OGH-Entscheidung vom 23.11.2021, 4 Ob 187/21k

 

Sachverhalt:

Die Streitparteien sind jeweils Medieninhaber von Tageszeitungen sowie der zugehörigen Internetseiten. Auf der Website der Beklagten wurden mit den Worten „100 Euro Rabatt auf alles“ Gutscheine angepriesen, die bei einem anderen Unternehmen eingelöst werden konnten. Nach Anklicken des Buttons „Details anzeigen“ wurde man zur Website dieses Unternehmens weitergeleitet. In den dortigen „Angebotsbedingungen“ wurde darauf verwiesen, dass der Rabatt erst ab einem Mindestbestellwert von EUR 600 gewährt wurde.

Die Klägerin hielt das für irreführend und beantragte die Erlassung einer einstweiligen Verfügung.

 

Entscheidung:

Das Erstgericht erließ die einstweilige Verfügung; das Rekursgericht wies den Antrag hingegen ab. Der OGH gab dem Revisionsrekurs der Klägerin nicht Folge.

Wie die angesprochenen Kreise eine Werbeaussage verstehen und ob sie demnach zur Irreführung vor Geschäftsabschluss geeignet ist, hängt von den Umständen des Einzelfalls ab. Für die Irreführung durch Unterlassen kommt es darauf an,

a) ob wesentliche Umstände verschwiegen werden, die der Durchschnittsverbraucher zu einer informierten geschäftlichen Entscheidung benötigt, und

b) ob sich dies auf sein geschäftliches Verhalten auszuwirken vermag; dabei ist

c) den allenfalls beschränkten Möglichkeiten zur Informationsvermittlung Rechnung zu tragen.

§ 2 Abs 4 UWG erfasst auch Geschäftspraktiken, die bloß einen durch Irreführung verursachten Anlockeffekt entfalten und bei denen der beim Verbraucher zunächst veranlasste Irrtum durch eine nachträgliche Ergänzung und/oder Richtigstellung der Produktinformation noch vor dem Zeitpunkt seiner endgültigen geschäftlichen Entscheidung aufgeklärt wird (siehe u.a. diese Entscheidung). Welche Informationen dabei wesentlich sind, richtet sich ebenso nach den Umständen des Einzelfalls wie die Frage, ob die Form der Aufklärung im Anlassfall ausreichend war.

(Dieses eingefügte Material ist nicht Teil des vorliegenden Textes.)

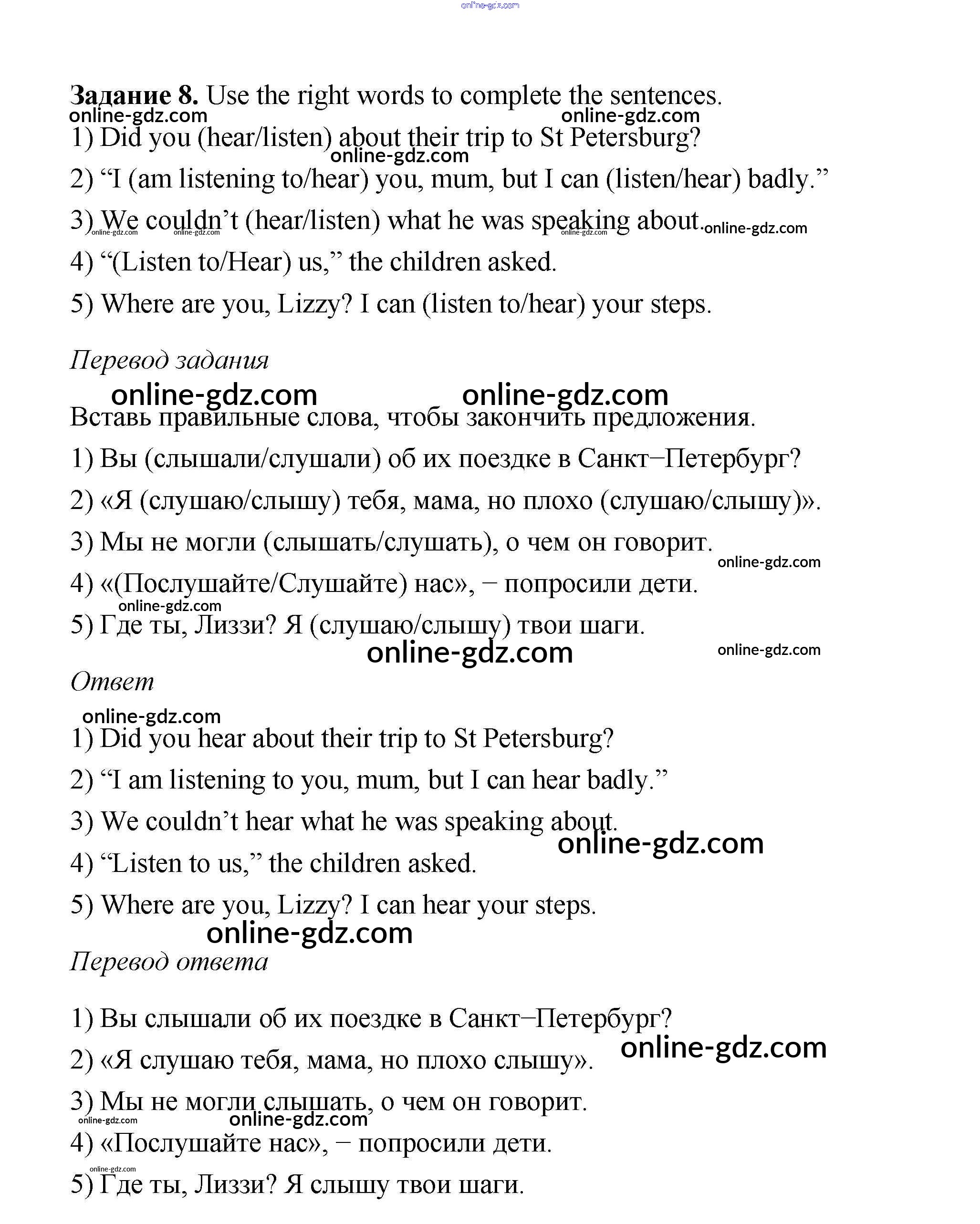 Готовые домашние задания по Английскому языку за 6 класс Учебник Афанасьева, Михеева Rainbow 2017 - Step 8 Unit 1 8

Der OGH schloss sich der Rechtsansicht des Rekursgerichtes an und verneinte das Vorenthalten wesentlicher Informationen bzw eine damit im Zusammenhang stehende Irreführung. Alle Gutscheinbedingungen konnten durch naheliegendes Anklicken des Buttons Details anzeigen“ in Erfahrung gebracht werden.